Áo dài (/ˈaʊˈzaɪ/; /vi/ (North), /vi/ (South), lit. “long tunic”) is a traditional Vietnamese outfit consisting of a long split tunic worn over silk trousers. It can serve as formalwear for both men and women.

There are inconsistencies in the term áo dài. The currently most common usage is for a Francized design by Nguyễn Cát Tường (whose shop was named "Le Mur"), which is expressly a women's close-fitting design whose shirt is two pieces of cloth sewn together and fastened with buttons. A more specific term for this design would be "áo dài Le Mur". Other writers, especially those who claim its "traditionality", use áo dài as a general category of garments for both men and women, and include older designs such as áo ngũ thân (five-piece shirt), áo tứ thân (four-piece shirt), áo tấc (loose shirt), áo đối khâm (parallel-flap robe), áo viên lĩnh (round-collar robe), áo giao lĩnh (cross-collar robe), áo trực lĩnh (straight-collar robe).

==History==
The predecessor of the áo dài was derived by the Nguyễn lords in Phú Xuân during 18th century. This outfit was derived from the áo ngũ thân, a five-piece shirt commonly worn in the 19th and early 20th centuries. The áo dài was later made to be form-fitting which was influenced by the French, Nguyễn Cát Tường and other Hanoi artists redesigned the áo dài as a modern shirt in the 1940s and 1950s.
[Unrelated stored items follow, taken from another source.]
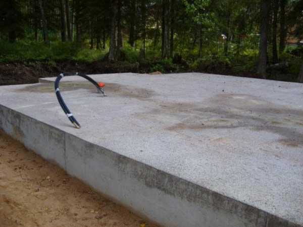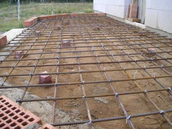 - Полученную конструкцию заливают бетонным раствором и оставляют высыхать. В жаркую погоду бетонную поверхность рекомендуется периодически поливать холодной водой;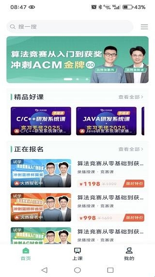 比特课堂能够让学生们更加高效且便捷的进行学习,比特课堂中含有众多优质的教学学习资源,并且您还可以根据您的需求去选择或搜索对应的课程,这里有着非常智能的教育学习方法,且有众多名师名导带领您一起走进学习的海洋,让您更加高效且自信的走在学习的旅途中,如果有对这款软件感兴趣的朋友,那就一定不要错过它,我相信它一定不会让您失望的。
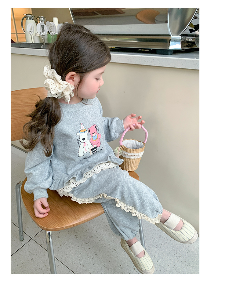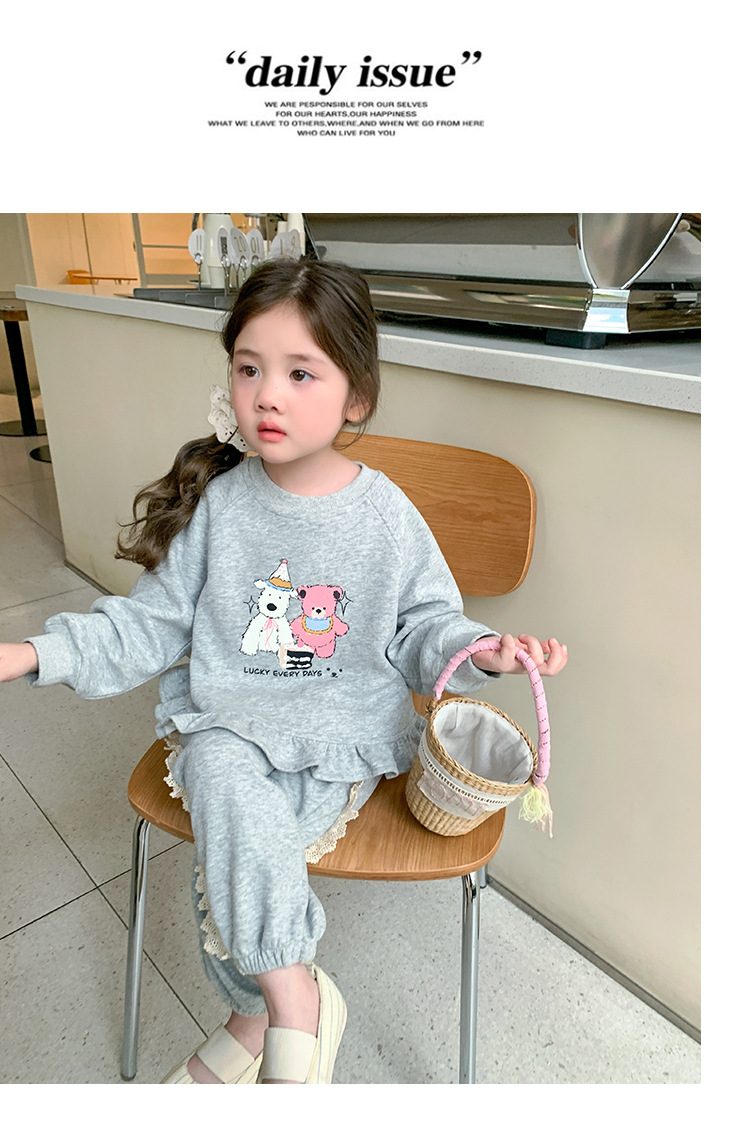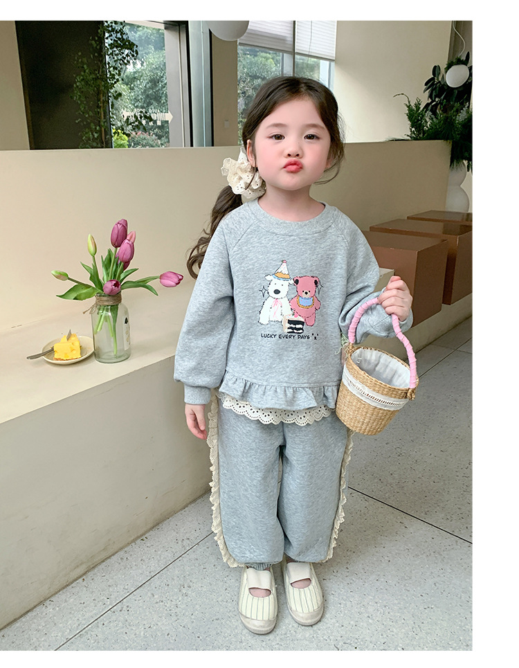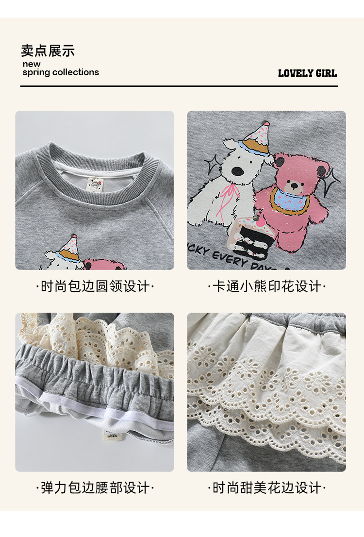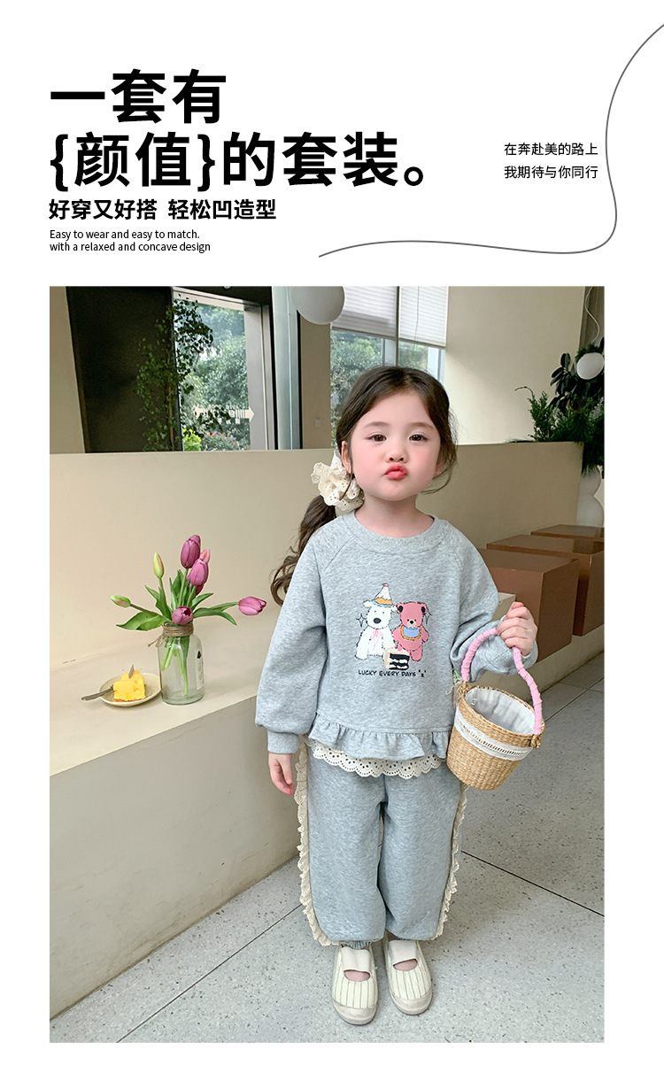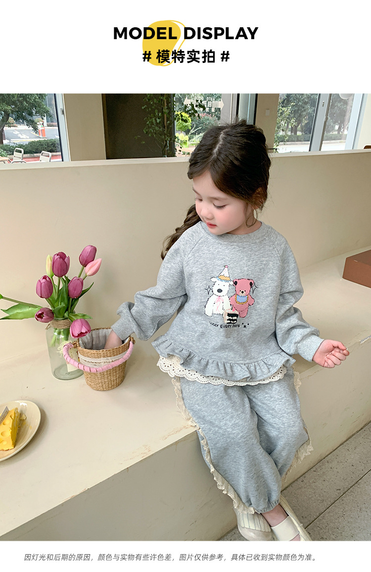 소녀 레이스 니트 만화 세트 봄과 가을 2025 새로운 패션 작은 소녀 스웨터 스포츠 투피스 세트스토어 가기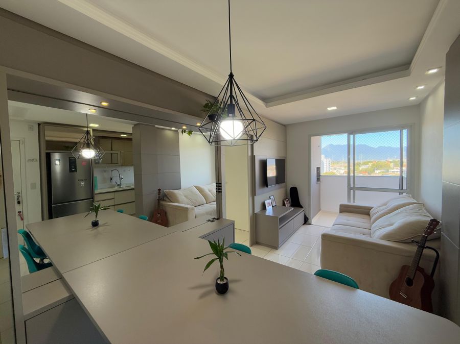 Apartamento finamente mobiliado, com vista livre para o Cambirela, bem arejado, ensolarado, com suíte, vaga coberta e lazer completo no condomínio! Venha conhecer e se encantar!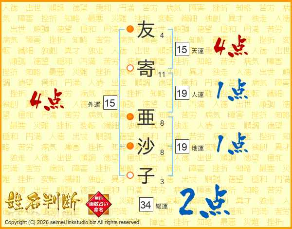 友(4画)寄(11画) 亜(8画)沙(8画)子(3画)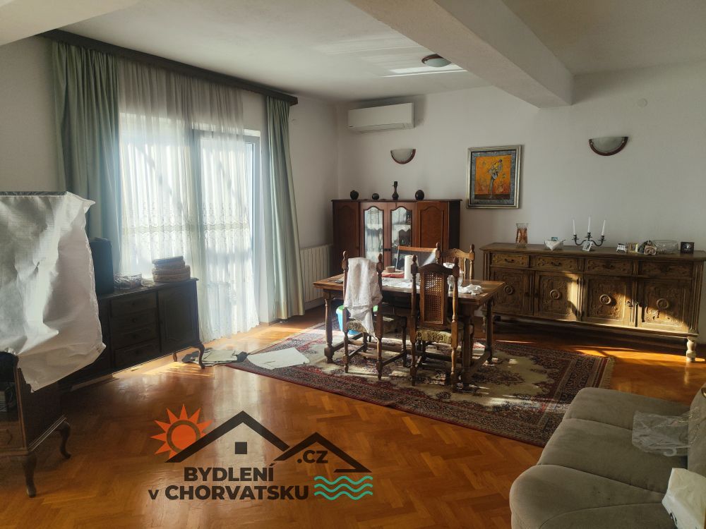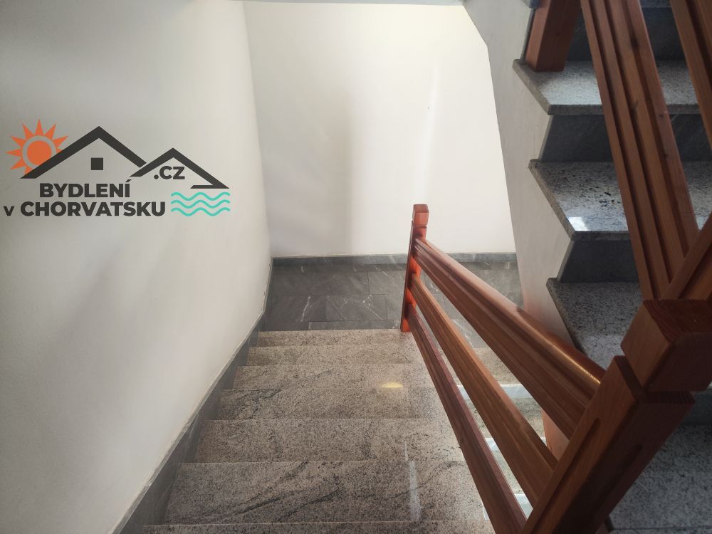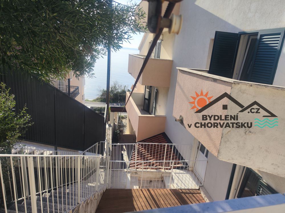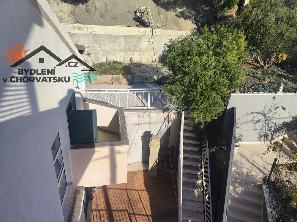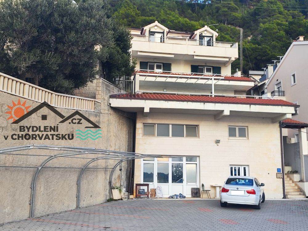 V Podstraně, střediskové obci hned vedle Splitu, nabízíme k prodeji bytový dům s garáží a obchodním prostorem. Dům se nachází v první řadě u moře (přes cestu) a má parkování pro 8 aut před domem. V přízemí se nachází 5 metrů vysoký obchodní prostor, částečně vybavený galerií. Prostor má 92 m2. Ve zvýšeném přízemí se nachází byt s třemi ložnicemi, obývacím pokojem, kuchyní, dvěma koupelnami a velkou terasou. Byt má 145 m2, ústřední topení a dvě klimatizace. Do prvního patra se dostanete po vnitřním schodišti.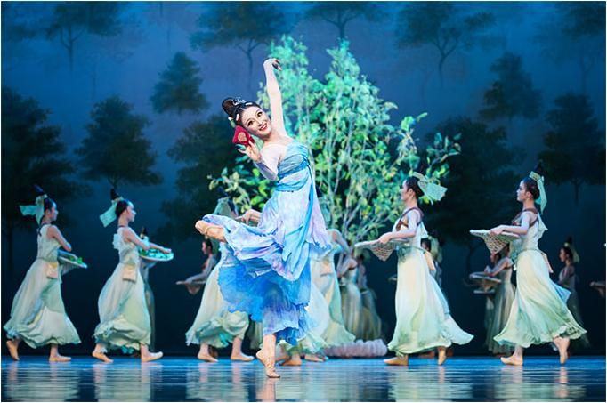 舞劇《傳絲公主》以蠶絲為戲劇元素,以蠶桑女寧兒與于闐王子尉遲的愛情為外在線索,以盛唐時中原與西域的交流往來為隱伏線索,將凄美的愛情故事與壯闊的家國情懷交織在一起,引領觀眾穿越到大唐盛世,感受繁興的絲路文化和豐富多彩的民族風情。
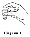 4. Hold the bottle upside down in one hand between your thumb and middle finger (see Diagram 1).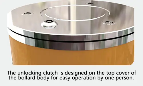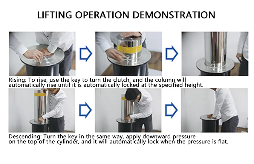 The descent process of the Semi-Automatic Bollard is mainly achieved by the operator’s own weight pressing down. When the top of the column reaches a position flush with the ground, the machine self-locks to maintain it. The rising process of the column is 100% realized by the internal air pressure device of the semi-automatic pile guard. After using a special key to release the mechanical lock, the column automatically rises to its original position and is self-locked without exerting any external force. The pneumatic booster device is available in a variety of specifications according to column specifications and customer requirements.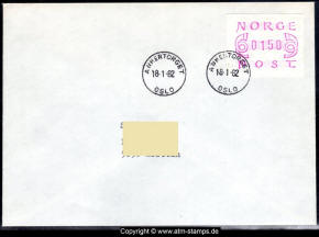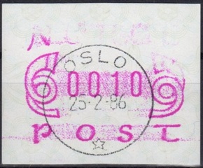 Am 16.10.1986 gab die norwegische Post eine neue Automatenmarke heraus. Die ATM zeigen ein neues Motiv mit Text NORGE NOREG wobei das Papier mit dem Rosettenvordruck nicht geändert wurde. Das neue Druckklischee wurde wieder von dem bekannten norwegischen Briefmarkendesigner Knut Løkke-Sørensen entworfen. Am Ersttag waren landesweit insgesamt 9 Automaten von Typ FE1510 der schweizer Firma Frama in Betrieb. Die Automaten gaben ATM mit breiten Ziffern (3.2) ab und acht der Geräte waren mit braunroten (b) Farbbändern bestückt, nur das Gerät vom Standort Oslo Postterminal Verdiavdelingen hatte ein Farbband in rotlila (d). Die Geräte hatten keine festprogrammierten Tastenwerte sondern eine 12er-Tastatur mit der alle Wertstufen zwischen 10 bis 9990 Øre in Stufen von 10 Øre ausgewählt werden konnten. Neben den 9 Standortautomaten gab es noch ein weiteres Gerät bzw. ein Drucker mit dem die Automatenmarken für den Philatelie Service der Post und den Verkauf am Philatelieschalter hergestellt wurden. Dieser Drucker stand aber nicht beim Philateliedienst der Post sondern bei der Banknotendruckerei der Norwegischen Staatsbank. Am Ersttag, den 16.10.1986 waren beim Philatelie Service und am Philatelieschalter der Post ein Satz mit den Wertstufen 210, 250, 350, 400 (Øre) im Angebot. Außerdem verkaufte die Post einen amtlichen FDC mit diesen Satz. Die ATM vom Philatelie Service der Post hatten schmale Ziffern (3.1) und sind somit leicht von den ATM der Ortsautomaten mit den breiten Ziffern (3.2) zu unterscheiden. Ab dem Tarifwechsel vom 01.03.1988 hatten dann die ATM vom Philatelie Service auch die breiten Ziffern (3.2).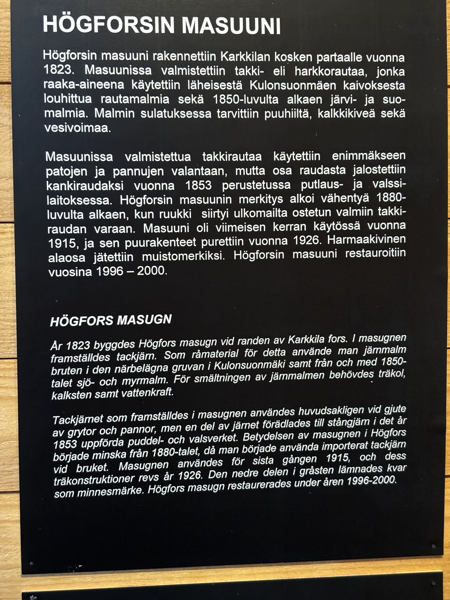 En vacker sensommardag åkte vi 35 deltagare och ordförande med buss till Högfors gamla bruksområde. Utflykten hade planerats i samarbete med Pojo- och Fiskars hembygdsförening.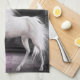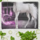 A majestic white unicorn stands gracefully on a stone platform framed by tall, gothic arches. Her mane flows gently, glowing faintly in the moonlight, while a soft halo of mist and magic curls around her. The unicorn’s horn shines with an ethereal light, casting a gentle glow across the dark, enchanted setting.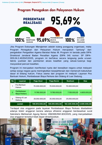 100%POSBANTUANHUKUM 95,69%PEMBEBASANBIAYAPERKARA 100%SIDANGDI LUARGEDUNGNo Layanan Pagu Awal Pagu Revisi Realisasi Sisa1Pos BantuanHukum70.000.000,00 70.000.000,00 70.000.000,00 02PembebasanBiaya Perkara11.760.000,00 11.760.000,00 7.155.000,00 4.605.000,003Sidang di LuarGedung25.050.000,00 25.050.000,00 25.050.000,00 0Jumlah 106.810.000,00 106.810.000,00 102.205.000,00 4.605.000,0060LAPORAN PELAKSANAAN KEGIATANTahun 2025Program Penegakan dan Pelayanan HukumJika Program Dukungan Manajemen adalah tulang punggung organisasi, makaProgram Penegakan dan Pelayanan Hukum merupakan \pengabdian Pengadilan Agama Barabai Kelas IB. Program ini berada pada DIPADirektorat Jenderal Badan Peradilan Agama (DIPA 04) nomor: SP DIPA005.04.2.402541/2025, program ini berfokus secara langsung pada urusanteknis yustisial dan pemberian akses keadilan yang seluas-luasnya bagimasyarakat pencari keadilan.Terdapat sisa anggaran pada layanan Pembebasan Biaya Perkara disebabkanadanya blokir anggaran karena adanya efisiensi anggaran berdasarkan suratSekretaris Mahkamah Agung Nomor 266/SEK/RA1.8/II/2025, yang menyebabkansisa anggaran tersebut tidak dapat direalisasikan.PersentaseRealisasi95,69%Program ini merupakan manifestasi nyata dari kewajiban negara untuk melayanisetiap warga negara guna meningkatkan kesejahteraan dan memenuhi kebutuhandasar di bidang hukum. Fokus utama dari program ini meliputi: Layanan PosBantuan Hukum, Pembebasan Biaya Perkara dan Sidang di Luar Gedung.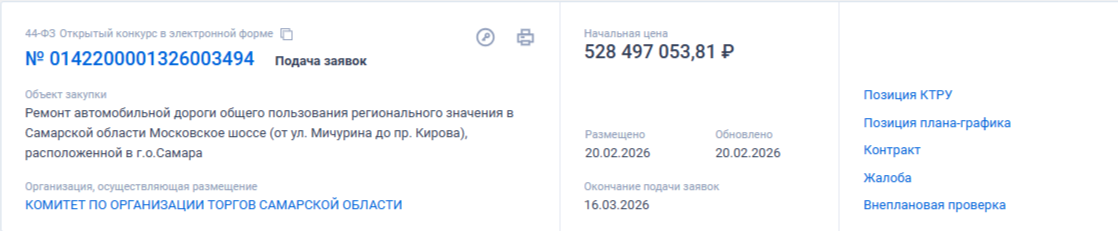 В 2026 году в Самаре отремонтируют ключевой участок Московского шоссе протяженностью 7,8 километра — от улицы Мичурина до проспекта Кирова. Министерство транспорта Самарской области объявило конкурс на выполнение работ стоимостью 528,49 миллиона рублей. Средства поступят из областного и федерального бюджетов, прием заявок от подрядчиков завершится 19 марта, а сами работы запланированы на период с 1 апреля по 1 сентября 2026 года. Подрядчику предстоит устранить колейность, обновить асфальтобетонное покрытие, привести в порядок обочины, а также установить новые дорожные знаки и барьерные ограждения. Фото: скриншот с сайта Госзакупок Трамвайно-троллейбусное управление города объявило о старте закупок материалов для масштабного обновления транспортной инфраструктуры.

The updated look was promoted by the artists and magazines of Tự Lực văn đoàn (Self-Reliant Literary Group) as a national costume for the modern era. In the 1950s, Saigon designers tightened the fit to produce the version worn by Vietnamese women. The áo dài for women was extremely popular in South Vietnam in the 1960s and early 1970s. On Tết and other occasions, Vietnamese men may wear an áo gấm (brocade long shirt), a version of the áo dài made of very thick fabric and with sewed symbols.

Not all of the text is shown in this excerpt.